Sabarimala pilgrims’ bodies take to AP

via PNS | Kottayam published on January 13, 2010

The bodies of all the eleven Sabarimala pilgrims killed in Tuesday’s truck accident at Attivalavu, Kanamala near Pampa Valley in Kottayam district of Kerala were taken to their native place in Andhra Pradesh on Wednesday evening even as reports said that over-speed and brake failure were the prime reasons for the tragedy. Four pilgrims who were critically injured in the accident were still undergoing treatment at the Medical College Hospital, Kottayam.

All those who lost lives were young men and most of them were rice mill workers in village Anasagaram in Nandigaon some 50 km away from Viajayawada. It is also said most of the victims were relatives. They were part of the group of 80 pilgrims who had left Anasagaram on January 6 for Sabarimala in two trucks. Preliminary reports indicted that the gruesomeness of the accident was intensified by the sand-bags packed in the truck as a measure for cushioning effect.

Those dead in the accident were trapped under the sand that spilled from the bags after the truck overturned hitting an embankment on the road-side, probably when the driver tried to stop it somehow after he lost control of the vehicle due to brake failure. The truck was being driven by Bhupati Rao, the stand-by driver, who was now undergoing treatment at the Medical College Hospital, Kottayam. Twelve others had also suffered injuries.

Those who lost lives in the accident were identified as Tirumala Rao (25), Hari Rao (28), Ramesh (26), Raghava Rao (25), Yesu Babu (26), Prasad Totta (25), Siva Krishna (32), Sivarama Krishna (19), Venikta Krishna (24), Krishna (35) and Chintu (24). The post-mortem procedures were completed before noon at the Medical College and the bodies were embalmed there for being taken to Vijayawada.

Bodies of those killed revealed no injury marks strengthening the doubt that they were asphyxiated after being trapped under the sand which spilled on them when the truck overturned after hitting the embankment. Local residents who recovered the bodies from the site of the accident said the mouths and nostrils of all those trapped between the sandbags and the tarpaulin that covered the truck were filled with sand. The truck was carrying six tones of sand and 45 Sabarimala pilgrims.

Kerala Devaswom Minister Kadannappally Ramchandran informed that the Travancore Devaswom Board, which was administering the Sabarimala temple, would bear the expenses for transporting the bodies to Vijayawada. Chief Minister VS Achtuhanandan said in Thiruvananthapuram that the Devaswom Board had been instructed to give an assistance of Rs 500,000 each to the families of the dead. The board had earlier decided to give a relief of Rs 100,000 each to the relatives of the victims.

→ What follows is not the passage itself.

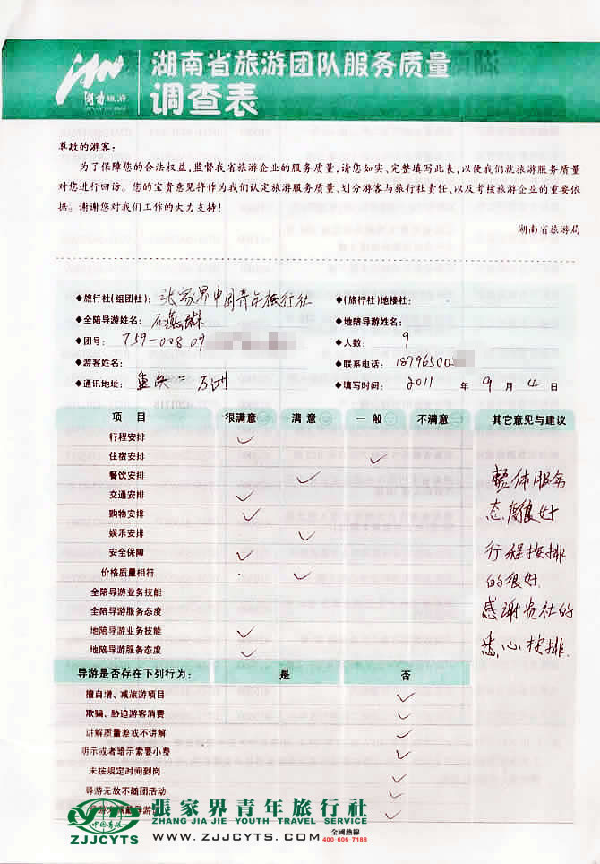 重慶萬州“高先生”與張家界青旅旅游顧問——客服“谷盈”在08月26日取得聯(lián)系,并就線路、行程的合理選擇、旅游景點(diǎn)的選定,以及服務(wù)的具體要求、范圍與負(fù)責(zé)此次旅游活動(dòng)負(fù)責(zé)人高先生,做了多次在線溝通和電話溝通,最終在08月29日雙方簽訂了《國內(nèi)旅游組團(tuán)接待合同》,并正式確立由我社負(fù)責(zé)全程接待安排;高先生一行9人,于08月31下午從萬州搭乘K1098次火車,于第二天09月01日上午06:40許抵達(dá)張家界,當(dāng)天我社安排導(dǎo)游和司機(jī)迎接站,當(dāng)日便開始了為期4天行程的湘西經(jīng)典之旅,09月04日中午午餐后返程送團(tuán)吉首,貴賓返程。

The bodies of the dead were taken to Vijayawada in six ambulances and officials of the Revenue and Devaswom departments were accompanying them. Minister Kadannappally said that the officials would hand over Rs 25,000 each to the families of the dead once they reached Vijayawada. Earlier, Kadannappally and other Ministers paid tributes to the dead when the bodies were put for the public to pay obeisance at the Medical College.

The report compiled by Minie Antony, District Collector, Kottayam on the instruction of the Chief Minister also cited over-load, over-speed and loss of control as the prime reasons for the accident. The report, compiled mainly based on the statements from the passengers and witnesses, recommended a detailed inquiry. It also said that the pilgrims had died after being caught under the sand.

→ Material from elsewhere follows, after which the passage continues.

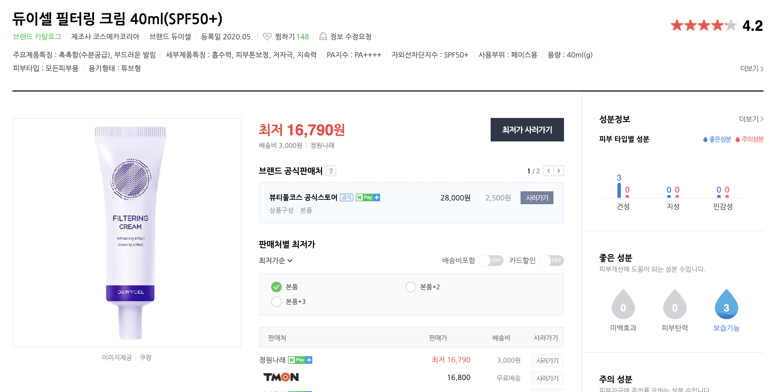 일단 마음에 들었던것은 자외선차단지수 50!!

Meanwhile, officials in the Motor Vehicle Department said violation of rules had led to the loss of lives in the accident at Attivalavu. “I am not sure I should say this at this moment. But the fact is that the pilgrims, or those who had taken them on the truck, to Sabarimala, had not respected the primary rule that carrying passengers on trucks is against law,” said an official.

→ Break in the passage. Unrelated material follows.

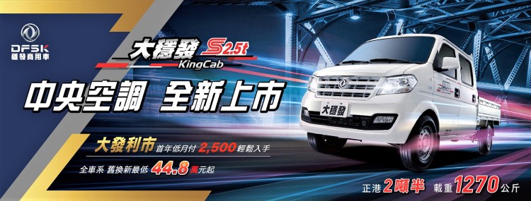 真2.5噸發財專家-DFSK大穩發追加中央空調,大發利市專案最優惠! CVNews 商業車誌: 盧佛青|05/25/2022 「國際合作、台灣製造」的穩發商用車,除了超前部署讓小發財升格為2.5噸發財專家,日前總代理合同興更宣布同級最出位的大好消息,同級唯一雙廂4人座的大穩發,為了讓運輸頭家跟夥伴一起享受最舒適的移動空間,宣布全新升級「雙廂大穩發S2.5t」中央空調全新上市,汰舊換新最低僅要價58.8萬起,本月底前購車更有大發利市優惠專案,購買中央空調大穩發,加碼贈送「盲點偵測器」及價值「10,000元」配件;另載重高達1342kg的「單廂金穩發S2.5t」汰舊換新最低44.8萬元起,同樣加碼送價值「15,000元」配件。 升級大穩發 讓全車同享最舒適的中央空調 DFSK賣最好的雙廂4門4座商用車,總代理合同興宣布新車全面標配超越同級貨車的後座中央空調系統,全新升級吸頂式獨立空調出風口,面對梅雨天氣不但可以保持舒適同乾燥,隔絕天雨黏膩不適、讓後座乘員也可以涼感大升級,不僅可提升工作效率,假日也可以輕鬆享受舒適旅程,無論是夥伴、家人、親友都可以爽爽坐、也爽爽賺。 比照休旅車設計的吸頂式中央空調,提供4具方向可獨立調整吹拂方向的超大容量出風口以外,還具備手動控制強弱二段功能,遇上濕黏黏的梅雨季節,乾燥舒適隨人需求可調可控,可以給隨車夥伴最貼心舒適的寬敞移動空間,接送家人通勤、假日出遊採買,後座椅下方還可以放東西、置裝備,不想放在外面任憑風吹日曬雨林的高價值裝備與行李等等,也都可以因為超舒適空調保持在乾燥妥善狀態,全台同級唯一雙廂4門4座發財專家大穩發,就是這麼貼心。 全新大穩發S2.5t搭載ABS防鎖死煞車系統及ESC車身動態穩定系統兩大安全配備,隨時守護行車安全,另外也具備同級唯一的後車門兒童安全門鎖,使得孩童共乘出遊更安心。雙前座椅還可進行多角度傾斜最大可達165度,及前後滑移共4向調整。頭枕也具備上下2向調整功能,握感扎實的方向盤搭配EPS電動輔助動力轉向,讓頭家朋友們開車奔馳舒適省力又愜意。 全新大穩發S2.5t採用同級唯一符合歐盟六期排放標準的1.5升DVVT環保引擎,具備VGIS可變進氣歧管技術,不僅排污相較同級車款更無味且更環保,同時最大馬力110ps/6000rpm,峰值扭力14.8kg-m/3600rpm,使載重爬坡更有力,更透過正時鏈條設計來使耐用度提高,讓頭家朋友享受更輕鬆無負擔的充沛駕馭性能。 為了回饋運輸頭家對大穩發的支持與愛顧,總代理合同興宣布全新進化雙廂大穩發S2.5上市售價新台幣63.8萬元,搭配舊換新補助最低僅需58.8萬起,再加碼贈送好禮「盲點偵測器」及價值「10,000元」配件。 金穩發 唯一正港二噸半載重快要一噸三 金穩發可以說是DFSK針對台灣發財頭家們需求打造的發財大王牌,除了提供達到1342kg的最大合法載重,完全屌打合法載重連一噸都不到的小小小發財,本月底前購車更有大發利市優惠專案,讓「單廂金穩發S2.5t」汰舊換新最低44.8萬元起,還加碼送價值「15000元」配件,讓建議售價50萬有找就可以直升二噸半、同樣預算就比小小小發財至少多載0.35-0.4噸,跑二趟就可抵小發財操三趟,既省油錢、工錢,賺錢效率提升還可降低不必要的風險。

He, however, said even his department had never taken seriously the transportation of pilgrims to Sabarimala. Hundreds of such trucks used to ferry pilgrims from other states during the Mandalam and Makara Vilakku season at Sabarimala, he said. Asked whether movement of pilgrims on trucks would now be restricted, he said it was up to the Government to take a decision on this.

Movement of heavy passenger vehicles through Kanamala had been banned after an accident there two weeks ago, but officials could not explain how the truck from Andhra Pradesh was allowed through the road. “The police could have cleared it without knowing that it was carrying passengers and not goods as the top of the truck was covered with tarpaulin,” suggested an official.